With reference to specific embodiment, and with reference to the data further detailed description present invention.Following embodiment only be
It illustrates the present invention rather than limits the scope of the invention in any way.
The preparation of reagent
1) PE buffer solutions:PBS+EDTA buffer solutions
1.64g NaCl(140mM)、0.04g KCl、0.04g KH2PO4、0.716g Na2HPO4、8μL 0.25M
EDTA, pH value 7.4.
2) confining liquid:
Skimmed milk power, a concentration of 0.03g/mL of skimmed milk power are added in PE buffer solutions.
3) primary antibody working solution
JIM, LM and CBM series antibody are bought from Leeds, England university PlantProbes website (http://
www.plantprobes.net/index.php#contact);
CCRC series antibodies are bought from U.S. Carbosource websites (http://www.carbosource.net/);
Primary antibody working solution is configured according to product description with primary antibody product using the confining liquid being configured.
4) the anti-His antibody working solution of mouse:
Stoste is using PE buffer solutions with 1:1000 volume ratios are configured.
5) secondary antibody working solution
Intermediate antibody and the purchase of secondary antibody Immunofluorescent Antibody with His labels match silent winged generation certainly, and you are scientific and technological
(https://www.thermofisher.com);
Primary antibody working solution is configured according to product description with secondary antibody product using the confining liquid being configured.

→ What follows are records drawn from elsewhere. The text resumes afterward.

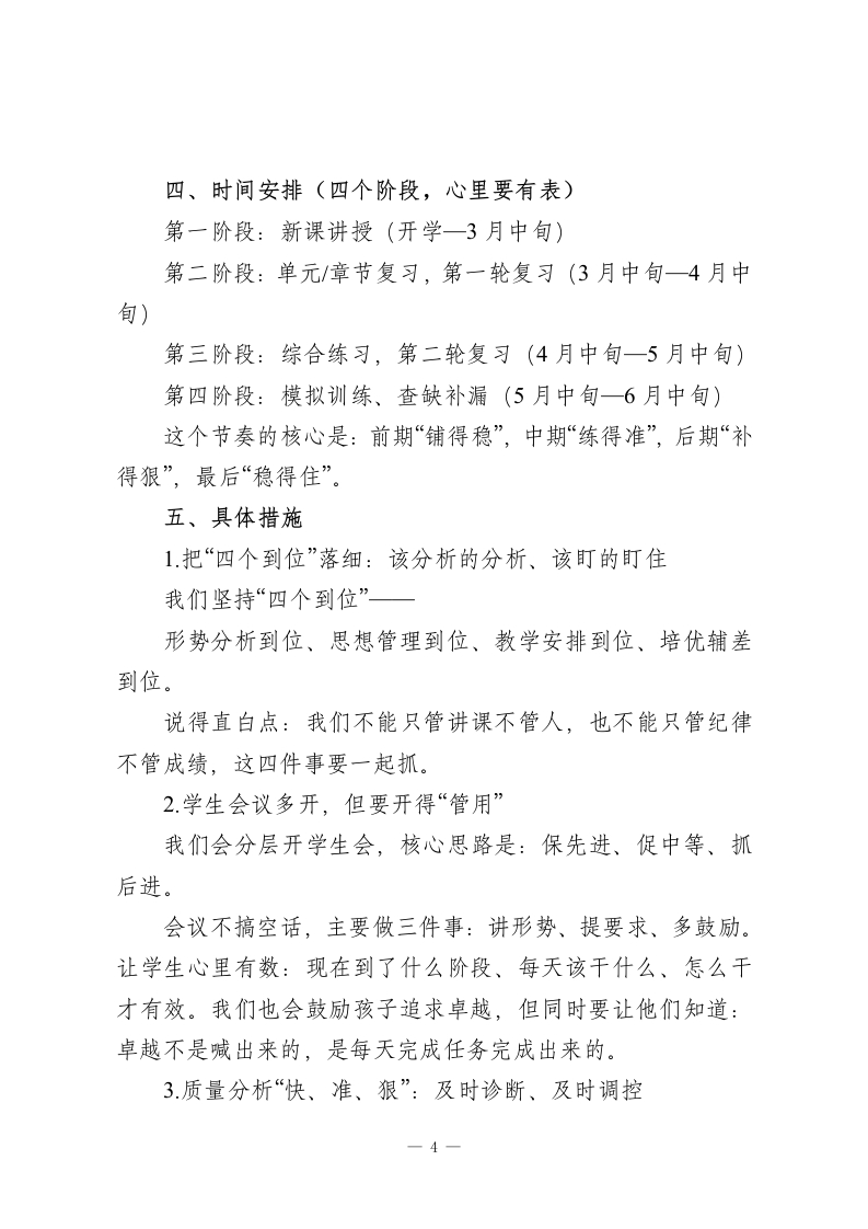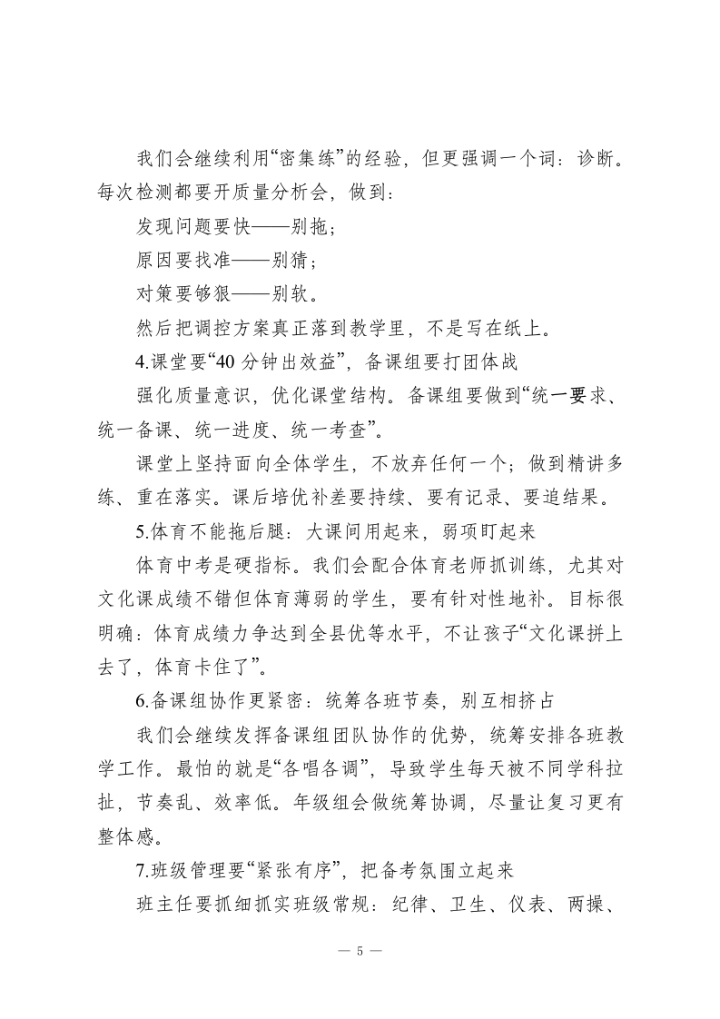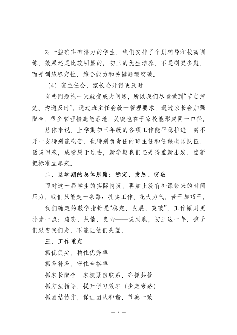 2026春季新学期,初三年级组长在九年级全体教师会上讲话:有压力才有动力各位领导、各位老师:大家下午好!新年伊始,能和大家在这里见面,我心里挺踏实,也挺感激。先允许我代表初三年级全体老师,真诚地跟一直关心我们、支持我们工作的各位领导、各位同事说一声:谢谢你们!很多事情,单靠我们年级组自己“硬扛”是扛不住的,正因为学校整体在撑着,我们才有底气往前冲。说实话,进入初三以后,我明显感觉到压力上来了。六月中考这件事,不是“远处的目标”,而是每天都在逼近的倒计时。我们这一届孩子情况大家也都清楚:基础差异大、参差不齐,再加上没有补课,时间更紧、难度更高。压力在,但我们不躲。今天我想把上学期的工作做个梳理,也把这学期的安排和想法向大家汇报一下,请大家多提建议、也请多指导。一、上学期我们主要做了几件事1先把团队拧成一股绳:热情、敬业、能协作初三最大的特点就是“事多、节奏快、问题密集”。我们很清楚,靠单打独斗不可能赢,所以年级组会开得比较勤一一不是为了开会而开会,而是为了把每一阶段的教学情况、学生状态、纪律问题、家校矛盾这些都摆到桌面上说清楚。大家做得特别好的一点是:有成绩大家愿意分享、有困难-1
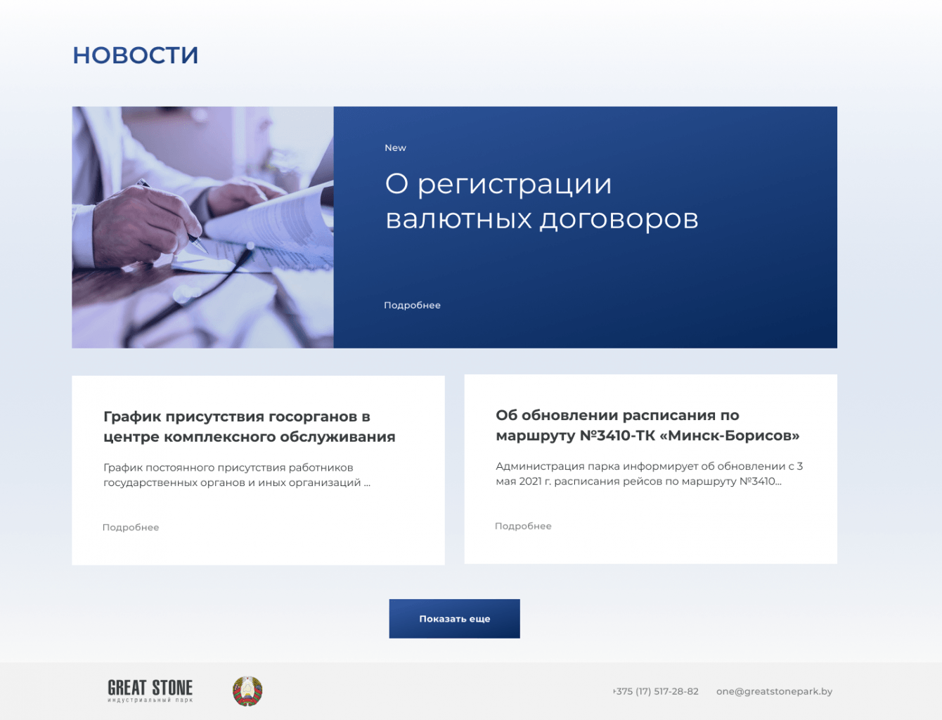 Государственное учреждение «Администрация индустриального парка «Великий камень» благодарит коллектив ООО «Лайкит» за качественно проведенные работы по модернизации сайта «Одной станции» https://onestation.by в рамках договора №010822-TП от 26.07.2022 со строгим соблюдением договорных сроков их выполнения. Отмечаем оперативное и безвозмездное исправление ошибок, включая ошибки предыдущих разработчиков.
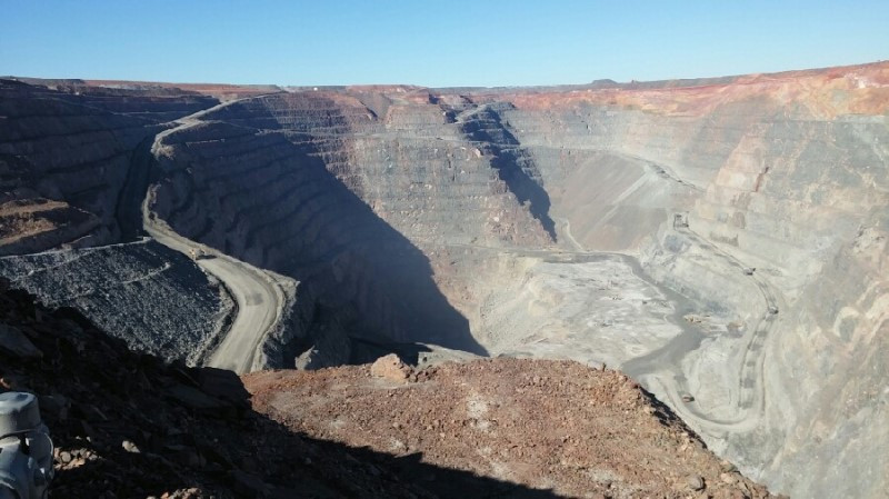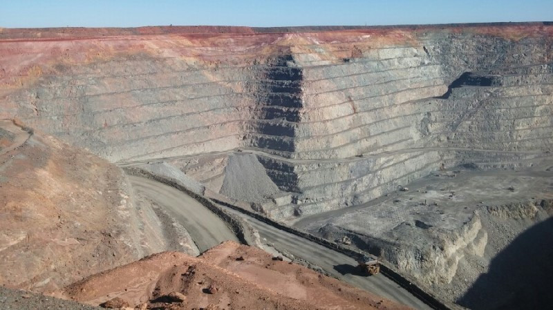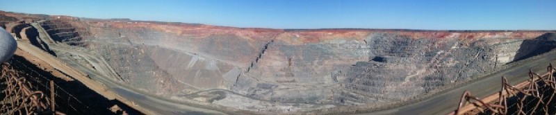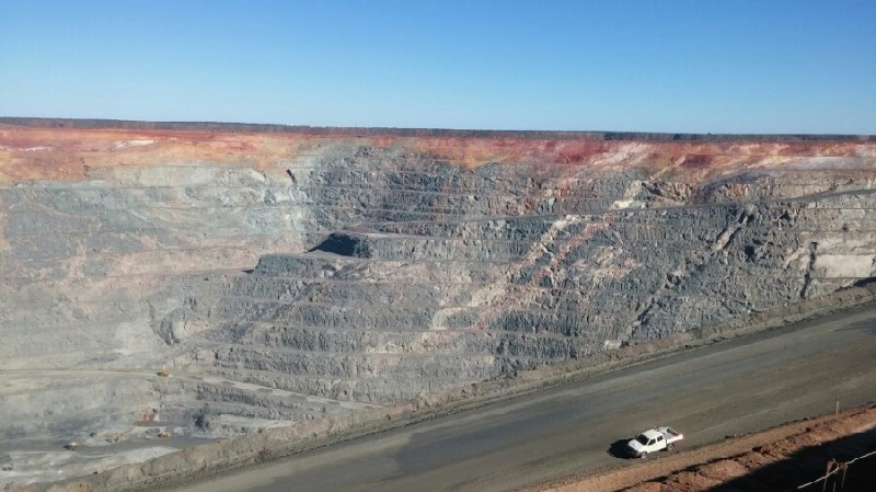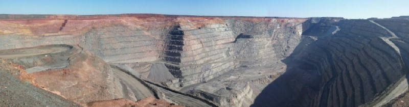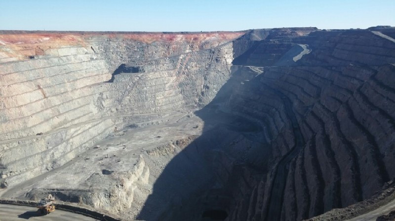 위에서 내려다 본 광산. 길이 3.5km, 직경 1.5km, 깊이 570m. 작업중인 덤프트럭들이 개미들처럼 보일 정도로 거대하다.
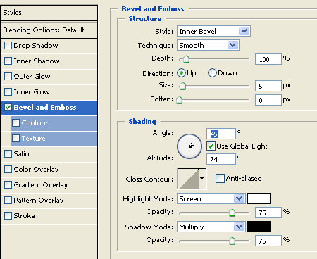 A zene szimbóluma a hangjegy, ezt mindenki tudja. Ötletesnek tartom hogy hangjegyet helyezzünk el a zene ikonunkon. Ehez nincs más teendőnk mint a Custom Shape Tool-lal készíteni egy hangjegyet (a hangjegy a legördülő menüben található, fent), majd a hangjegynek szintén layer style-t adni (pl. drop shadow, bevel and emboss, satin):
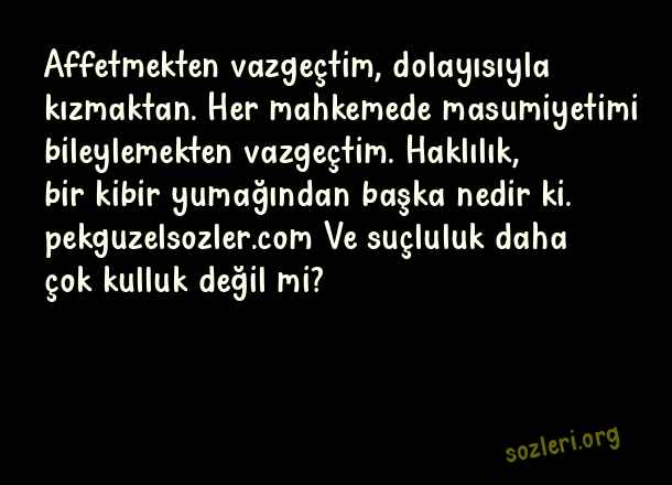 Affetmekten vazgeçtim, dolayısıyla kızmaktan. Her mahkemede masumiyetimi bileylemekten vazgeçtim. Haklılık, bir kibir yumağından başka nedir ki. Ve suçluluk daha çok kulluk değil mi? ( Sıradışı Aşk )
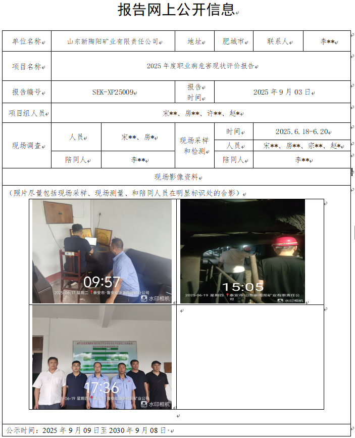 山东新陶阳矿业有限责任公司职业病危害现状评价信息公开
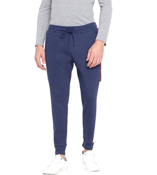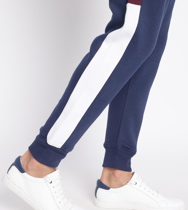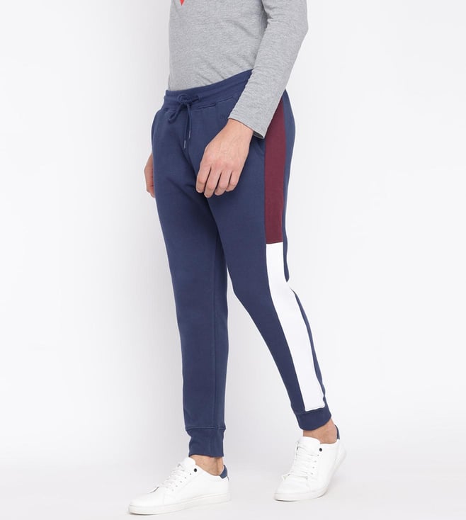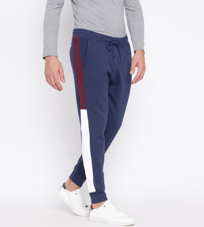 Elevate your style with these dark blue joggers featuring a striking colorblocked pattern. Designed for men, they offer a comfortable fit with a drawstring closure. Crafted from a premium cotton blend fabric, these joggers ensure breathability and durability, making them perfect for both casual outings and active days.
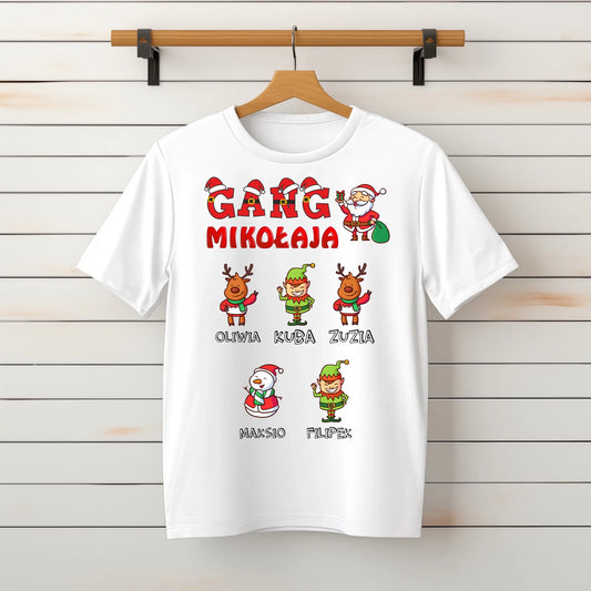 Świąteczna koszulka personalizowana dla rodziny GANG MIKOŁAJA | z personalizacją imion #602
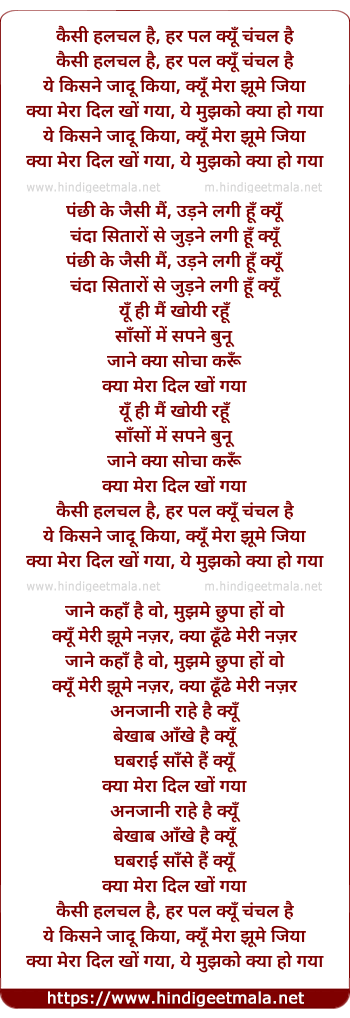 Lyrics of Yeh Kisne Jadu Kiya - कैसी हलचल है, हर पल क्यूँ चंचल है
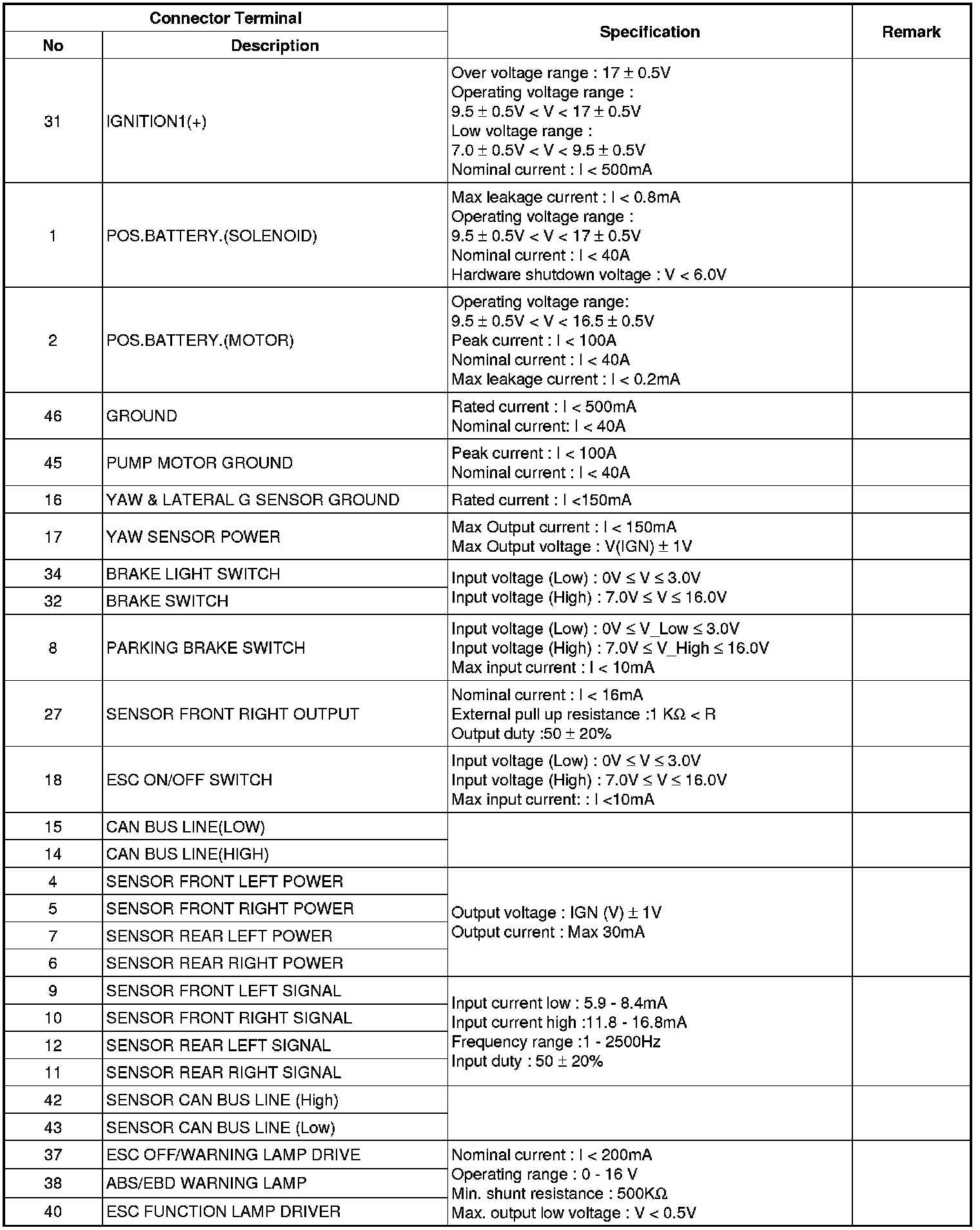ESC Connector Input/Output
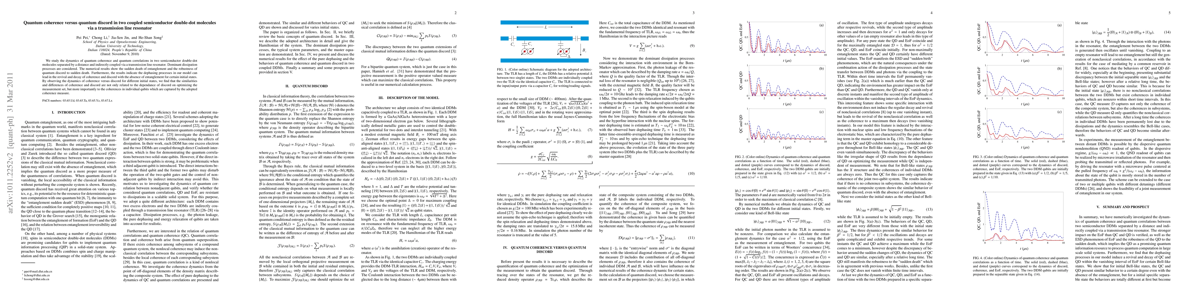 This paper investigates the dynamics of quantum coherence and quantum discord in two coupled semiconductor double-dot molecules mediated by a transmission line resonator, revealing the sudden death of entanglement and the resilience of quantum discord. The study highlights that dephasing processes can lead to the revival and decay of coherence and discord, with entanglement absent for certain initial states, emphasizing the role of individual qubit coherences in the adopted coherence measure.

6) Calcofluor White working solutions:
Calcofluor White dye liquor stostes are bought from Sigma-Aldrich websites (product identification:18909,
Www.sigmaaldrich.com) with PE buffer solutions with volume ratio 1:5 configurations.
Test material
The sample is not affected by the histotomy of destruction for large biological molecule or has the complete or portion of excellent permeability
Divide plant tissue.
The present invention is selected for the kind skin mucilaginous substance of arabidopsis, it is intended to be explored and be improved original technology step.The present invention's
So it is object to select arabidopsis kind skin mucilaginous substance, the mucilaginous design feature of arabidopsis kind skin is allowed for.Arabidopsis kind skin
Mucilaginous substance is in the atomization of arabidopsis seed coat cell, and one layer of epidermal cell of kind skin most surface can one layer of secreting outside
Water-soluble colloid substance is wrapped in seed coat surface, and after dry seed meets water imbibition, these mucilaginous substances discharge to be formed at once
Gelatin matter is simultaneously coated with entire seed completely.By carrying out Multi-layer technology to kind of skin mucilaginous substance and carrying out sugared composition analysis discovery, intend
The southern mucilaginous the Nomenclature Composition and Structure of Complexes of mustard kind skin is similar to plant cell wall, containing the polysaccharide such as cellulose, hemicellulose, pectin into
Point and a series of protein and metal ion.But unlike cell wall, kind skin mucilaginous substance does not have rigid structure, just
Transparent state is presented under normal situation, therefore, after handling kind of skin mucilaginous substance using immunofluorescence technique, immunofluorescence can be direct
By immunofluorescence microscopy, without carrying out histotomy first, this is the exploitation of new immunologic detection method, is saved
Plenty of time.
Embodiment 1
JIM5+CBM3a is selected as primary antibody
The same polygalacturonic acid glycan structures (low esterification HG) of the low esterification of JIM5 specific recognitions,
The cellulosic structure of CBM3a specific recognitions crystallization;
1) material selection
Arabidopsis seed (specifically study be arabidopsis seed kind skin mucilaginous substance).
2) it closes
C. sample is closed using the confining liquid of 200 μ L.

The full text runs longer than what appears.